Speaking the Language of Religion for the Last Time: Guy Debord's Critique of Religion in The Society of the Spectacle and In Girum Imus Nocte et Consumimur Igni
My analysis is concerned almost solely with Debord's works, and in that way it is both highly general and highly specific: it is a close reading. The majority of the sources I will use are primary sources. After reading the available writings by Debord, I have had the opportunity to visit the archives of Guy Debord, the 'Fonds Guy Debord' at the Bibliothèque Nationale de France where I was able to immerse myself in his working notes for The Society of the Spectacle (book), The Society of the Spectacle (film), Howls for Sade, and In Girum Imus Nocte et Consumimur Igni. I have also had the opportunity to immerse myself in Debord's self-categorized reading notes labeled as 'Marxism,' 'Philosophy/Sociology,' and 'Poetry.' In pursuit of the ideas and practices of Debord rather than of his legacy, I find it most appropriate and most useful to concentrate on the primary materials of his books, films, and notes, more so than on other written histories.
However, I greatly admire the venture taken by Anselm Jappe in his intellectual biography of Guy Debord.
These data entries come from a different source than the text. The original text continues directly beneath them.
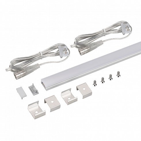 Набор для светодиодной подсветки ARL-KIT-SLIM с предустановленной светодиодной лентой. В комплект входят: алюминиевый анодированный профиль 2000 мм, матовый экран 2000 мм, пластиковые глухие заглушки - 2 шт., заглушки с кабелем 1 метр и разъёмом 5.5 DC Female - 2 шт., металлические держатели - 4 шт., шурупы - 4шт., светодиодная лента со свободной резкой. Габаритные размеры (L×W×H): 2000x17x8 мм. Светодиодная лента со свободной резкой, открытая IP20. Светодиоды SMD 2216, 200 шт/м (400 шт на 2 м). Цвет ДНЕВНОЙ 4000K, цветопередача CRI>90, угол 120°. Питание 24 В, мощность 14 Вт/м (28 Вт на 2 м). Минимальный отрезок - 5 мм (1 светодиод). Для создания из набора одного светильника необходимо использовать одну глухую заглушку и одну заглушку с кабелем и разъёмом 5.5DC Female. Для создания из набора одного светильника необходимо использовать одну глухую заглушку и одну заглушку с кабелем 1 метра и разъёмом 5,5DC Female. При необходимости отрежьте часть профиля необходимой длины (минимальный отрезок – 5 мм). Разрезать ленту необходимо только в обозначенных местах, отступив от края профиля на 3-5 мм строго по линии резки.
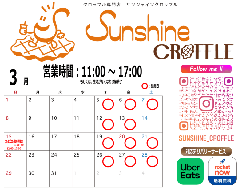 北小金の定番スイーツ店を目指すサンシャインクロッフルは、2026年3月の営業日を掲載したカレンダーを公開いたします。
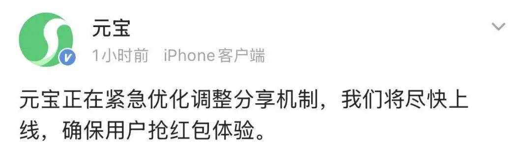 元宝随后通过官方微博回应称,正在紧急优化调整分享机制。新机制将尽快上线,确保用户抢红包体验。

Jappe's effort to write a biography that tracked Debord's ideas is highly valuable. I hope that my analysis can be useful in a similar way. Instead of conveying dead historical mythologies, I hope to begin to convey the depth of Debord's revolutionary vigor and insight. Debord, himself, was an admirer of the genre of the intellectual biography, particularly Karl Korsh's intellectual biography, Karl Marx. I aim to combine dialectics with biographical, historical, material, and physical information to create a useful analysis in the Marxist methodology of dialectical materialism, and I see this as possible through something similar to the intellectual biography, perhaps even another approach to it, the close reading.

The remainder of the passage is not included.